Crises allow government to expand their influence under the pretense of solving problems.  Now Treasury Secretary Henry Paulson wants the authority to dole out $700 billion dollars as he pleases - an authority which is being called unconstitutional.

I say, rather than that, bring on the crisis.

Recall that we’ve been bailing out people already.  As tends to be with these kinds of problems, the “solutions” have only lead to the need for more, bigger “solutions.”  We bailed out Freddie Mac and Fannie Mae, and now we need an extra $700 billion dollars?

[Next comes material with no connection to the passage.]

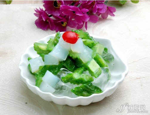 材料:芦荟50克,黄豆芽100克,黄瓜100克,青萝卜100克,豆腐(北)100克,青椒10克,醋15克,白砂糖15克,香油15克,盐3克。

If that’s the case, why do we call these things bailouts?  They don’t seem to be bailing us out.  And bail ourselves out of what?  Maybe we shouldn’t try to avoid a recession or a bursting of the bubble.  Says OpenMarket.org:

If there is no bailout, the economy may go into a recession, but then it will begin expanding again, and the reckless financial institutions that caused the recession will be punished with losses or bankruptcy.  That’s more or less what happened in the sharp recession of 1920-21, which started out as nasty as the Great Depression, but quickly ended, unlike the Depression, and then gave way to an economic boom, because the government didn’t meddle in the economy, and didn’t bail anyone out.

There’s been talk about the “greed” of Wall Street and, perhaps, many are assuming that de-regulation was the problem in the first place.

But what’s so free market about a mortgage bubble that included artificial government variables - like the pressure to loan to low-income families who couldn’t afford to pay the loan back?  Both Bill Clinton and George W. Bush were going after high ownership rates that turned out to be artificially inflated.

Then, when the people making the loans start to go under, the same government is protecting them from failure.  Does that sound particularly free market to you?